2007 rock music work by Pete Townshend

The Boy Who Heard Music is a rock opus that began life as an Internet novella written by the English musician and songwriter Pete Townshend. Townshend wrote in the foreword to the novella that he typically sketches out his opera in this way to lay out the plots and storylines, but in this case he published the material on an Internet blog site in 2005 and 2006, opening an interactive discussion with readers. The work was later released as a maxi-single and album by the Who and adapted as a rock opera.

==Synopsis==

===Main characters===
- Ray High – older musician and narrator
- Leila Irani – member of Glass
- Gabriel Pirelli – member of Glass
- Joshua Cass – member of Glass
- Victoria – Internet Glass fan
- Angie – Glass fan, mother of Gabriel's son
- Dotty – Leila's friend, member of Glass
- Phil – member of Glass
- Simon – Josh's uncle
- Trilby – Gabriel's aunt
- Myrna – Simon's sister and Josh's mother
- Damoo – Leila's father, Ray's business partner
- Rastus Knight – Ray's manager
- Harold Silverman – Ray's art tutor, mentor and influence

===Story events===
The story covers a period in the life of three children from different ethnic backgrounds who grow up to form a band and develop the "Gridlife" concepts of older musician Ray High (a character who also appeared in Townshend's musical Psychoderelict). High is the narrator of the story which starts off in the year 2035, with the old Ray High in a mental institution in London. He is in an alternate plane of existence called "In the Ether" and looking backward. The younger characters are Gabriel who "could hear music", Josh who "could hear voices" and Leila who "could fly". The three live in the same neighbourhood but are of different religious faiths: Gabriel is Christian, Josh is Jewish and Leila is Muslim.

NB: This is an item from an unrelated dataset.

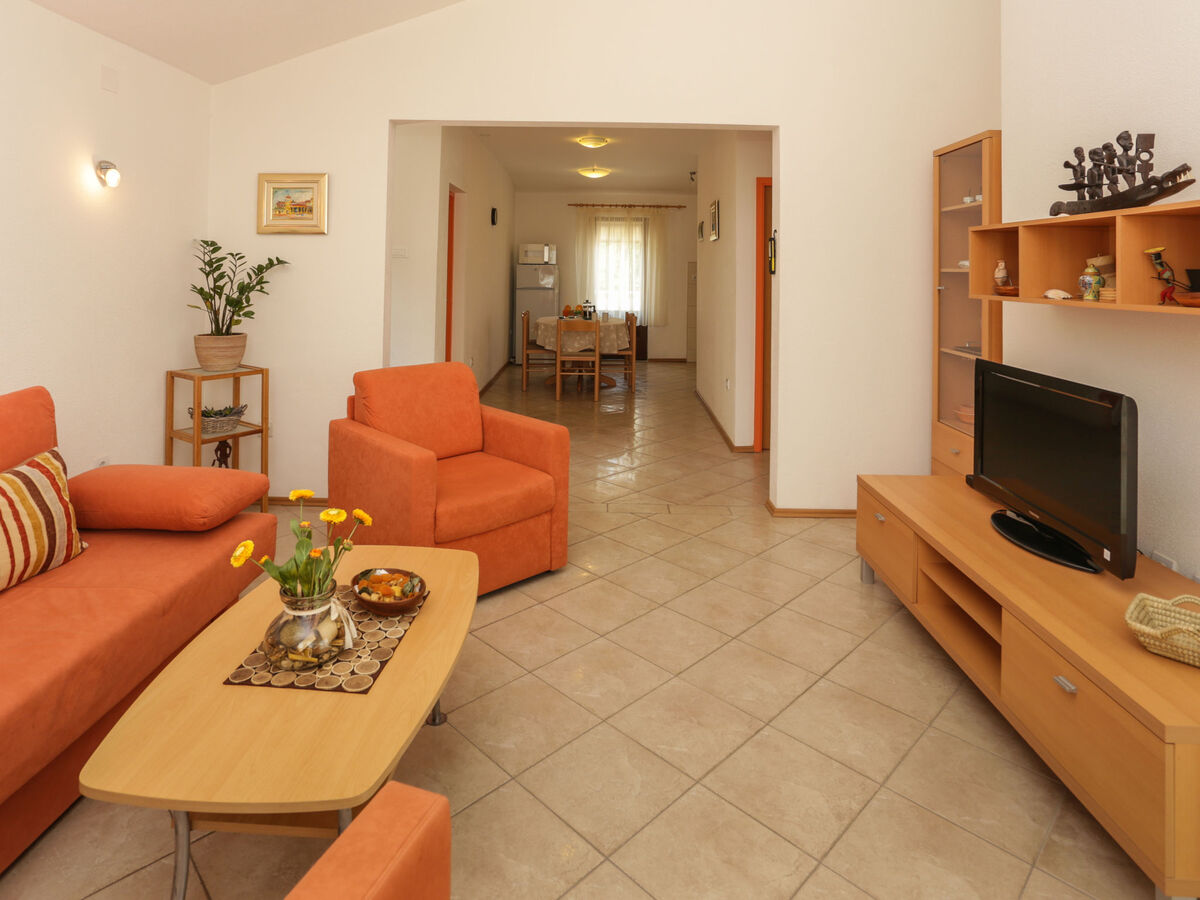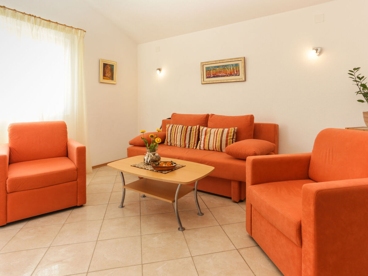 À l'étage supérieur: (escalier extérieur) séjour/salle à manger avec 1 divan-lit (140 cm, longueur 200 cm), TV (satellite) (écran plat), air-conditionné.

Ray High and Leila's father Damoo have been in a partnership called BBZee Studios. As children, Gabriel, Josh and Leila present a play in the studio which involves Josh's Uncle Simon dying and ascending to heaven. The children become interested in Ray and his band after watching tapes of an old concert, and form their own band called The Glass Household, based on Ray's notes and writings. Their fans often refer to the band as "Glass", which becomes a hit under the management of Ray's previous manager Rastus and his company PlusBond. The band's contract puts Leila in control of the company's pop-music distribution and she uses it to begin to make Ray's old ideas about the "grid" come true.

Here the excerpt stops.